» REQUIREMENT
Given the records underneath, please repeat exactly the lines from the line with "Dit kaartje zal" through the line with "- исключить отображение", passing over any picture.

» EXCERPTED DATA
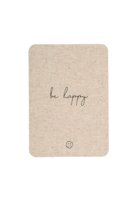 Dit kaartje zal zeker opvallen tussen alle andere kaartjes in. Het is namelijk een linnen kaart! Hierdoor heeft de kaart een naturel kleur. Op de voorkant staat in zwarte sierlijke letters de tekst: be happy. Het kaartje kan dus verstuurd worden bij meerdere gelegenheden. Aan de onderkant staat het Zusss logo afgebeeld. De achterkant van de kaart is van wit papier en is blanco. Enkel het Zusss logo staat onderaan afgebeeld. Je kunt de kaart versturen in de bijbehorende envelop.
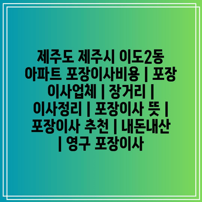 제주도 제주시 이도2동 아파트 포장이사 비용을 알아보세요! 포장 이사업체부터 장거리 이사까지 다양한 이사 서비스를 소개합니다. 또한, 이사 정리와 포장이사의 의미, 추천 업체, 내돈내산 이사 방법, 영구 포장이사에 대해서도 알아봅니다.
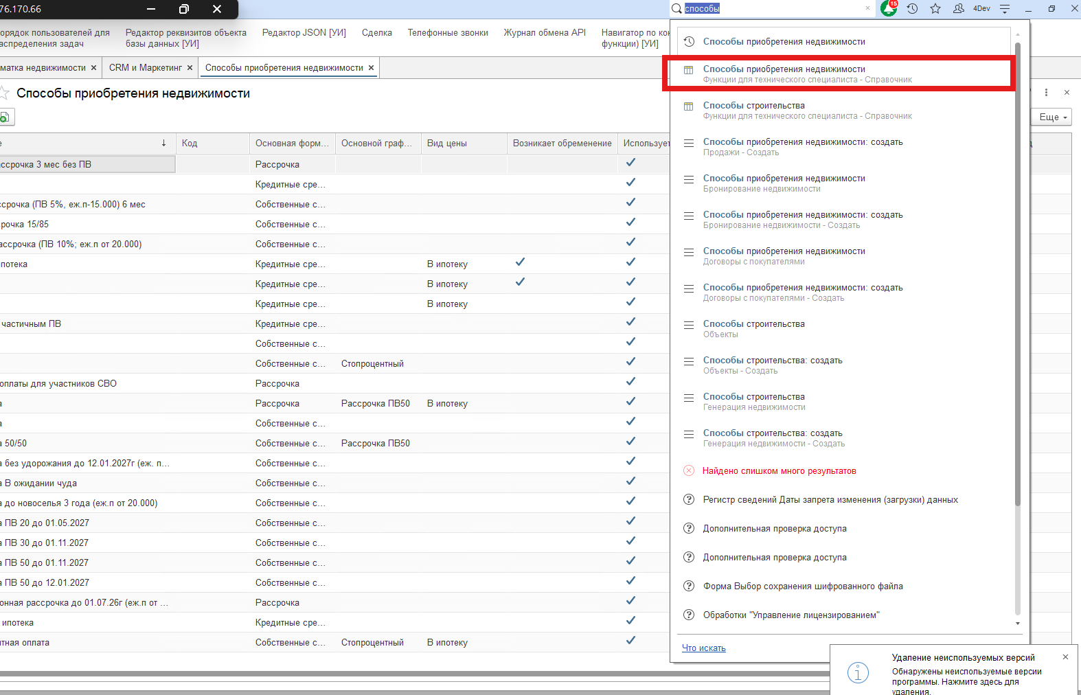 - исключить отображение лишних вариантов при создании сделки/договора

==

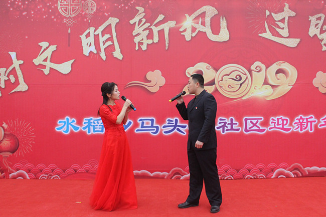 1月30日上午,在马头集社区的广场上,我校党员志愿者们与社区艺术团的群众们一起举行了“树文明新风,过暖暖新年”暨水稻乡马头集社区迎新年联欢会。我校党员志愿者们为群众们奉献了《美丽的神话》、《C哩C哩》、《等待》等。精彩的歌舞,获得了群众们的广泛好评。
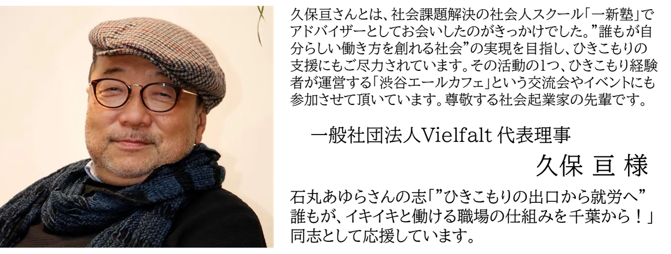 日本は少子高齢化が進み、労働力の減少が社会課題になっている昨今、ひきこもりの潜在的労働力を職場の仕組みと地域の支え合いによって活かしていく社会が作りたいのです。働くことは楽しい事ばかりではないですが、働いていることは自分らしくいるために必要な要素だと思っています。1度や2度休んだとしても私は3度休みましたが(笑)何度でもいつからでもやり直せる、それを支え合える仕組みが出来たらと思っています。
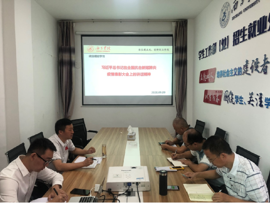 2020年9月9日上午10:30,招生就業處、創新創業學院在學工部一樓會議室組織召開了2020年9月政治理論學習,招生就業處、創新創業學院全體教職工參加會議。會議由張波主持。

» REPLY TO THE TASK
 Dit kaartje zal zeker opvallen tussen alle andere kaartjes in. Het is namelijk een linnen kaart! Hierdoor heeft de kaart een naturel kleur. Op de voorkant staat in zwarte sierlijke letters de tekst: be happy. Het kaartje kan dus verstuurd worden bij meerdere gelegenheden. Aan de onderkant staat het Zusss logo afgebeeld. De achterkant van de kaart is van wit papier en is blanco. Enkel het Zusss logo staat onderaan afgebeeld. Je kunt de kaart versturen in de bijbehorende envelop.
 제주도 제주시 이도2동 아파트 포장이사 비용을 알아보세요! 포장 이사업체부터 장거리 이사까지 다양한 이사 서비스를 소개합니다. 또한, 이사 정리와 포장이사의 의미, 추천 업체, 내돈내산 이사 방법, 영구 포장이사에 대해서도 알아봅니다.
 - исключить отображение лишних вариантов при создании сделки/договора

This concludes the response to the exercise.